Collected data
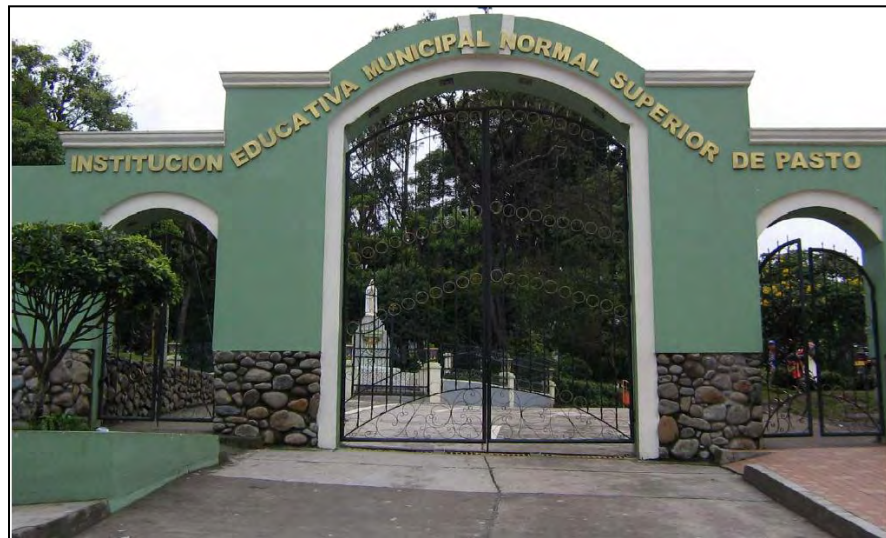
Fig. 1. Portada IEM Normal Superior de Pasto.

La presente investigación se llevará a cabo en la I.E.M Normal Superior de Pasto, donde es factible describir los siguientes aspectos institucionales:
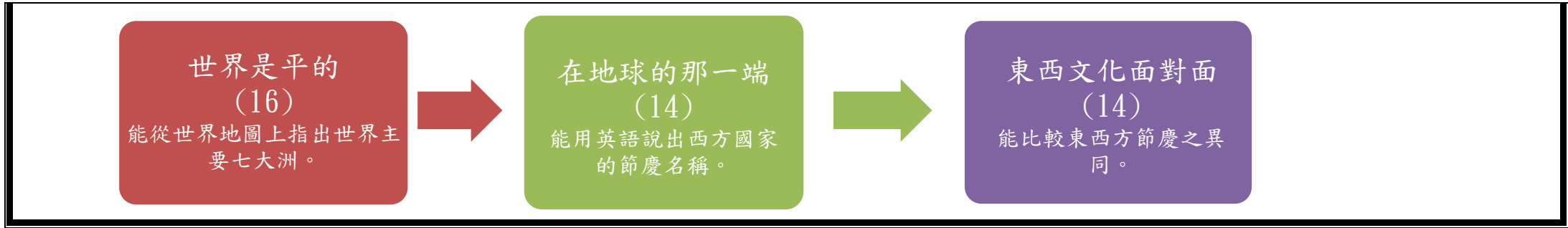
本表為第 1 單元教學流設計/(本學期(年)共 3 個單元)
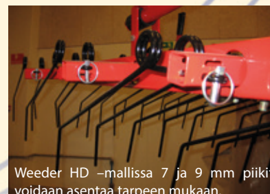
Weeder HD -mallissa 7 ja 9 mm piikit voidaan asentaa tarpeen mukaan.

Weeder HD voidaan toimittaa 7 tai 9 mm piikeillä kaikissa 5 akselissa. Lisäksi se voidaan toimittaa 9 mm piikeillä kahdessa ensimmäisessä akselissa ja 7 mm piikeillä kolmessa viimeisessä akselissa. Viimeisenä vaihtoehtona on piikkien asennus tai irrottaminen tarpeen mukaan, sillä kaikissa viidessä piikkiakselissa on sekä 7 että 9 mm kiinnikkeet.
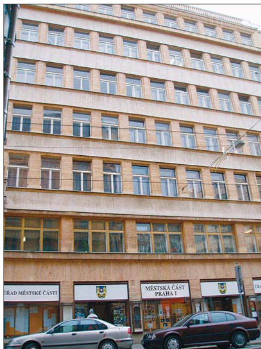
Komplexní audit má zjistit a přesně pojmenovat rezervy ve fungování radnice.

Firma, která komplexní audit provede, samozřejmě vzejde z výběrového řízení. „Nechceme s touto zále-
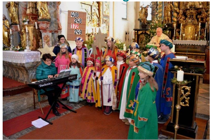
Sternsingergruppen Pfarre Ma. Rojach

Unsere Sternsinger bringen die weihnachtliche Friedensbotschaft zu Ihnen und besuchen Sie vom 27. bis 30. Dezember 2019 und ab 2. Jänner 2020 Bitte, nehmen Sie unsere Sternsinger gerne auf und unterstützen Sie mit Ihrer Spende Projekte in der 3. Welt. Helfen Sie den Ärmsten der Armen.
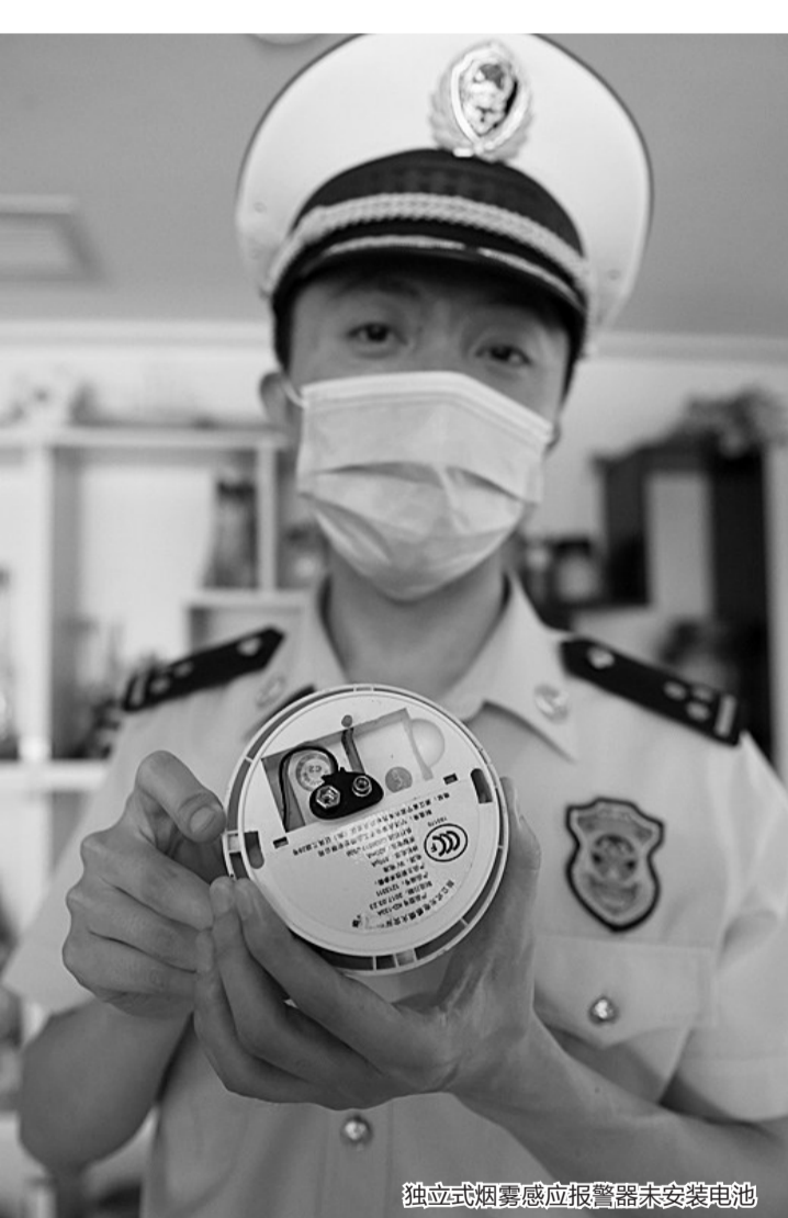
独立式烟雾感应报警器未安装电池

▸ **ASSIGNED TASK**
Extract from the data every line where "Pasto" shows up.

▸ **RESPONSE TO THE EXERCISE**
Fig. 1. Portada IEM Normal Superior de Pasto.
La presente investigación se llevará a cabo en la I.E.M Normal Superior de Pasto, donde es factible describir los siguientes aspectos institucionales:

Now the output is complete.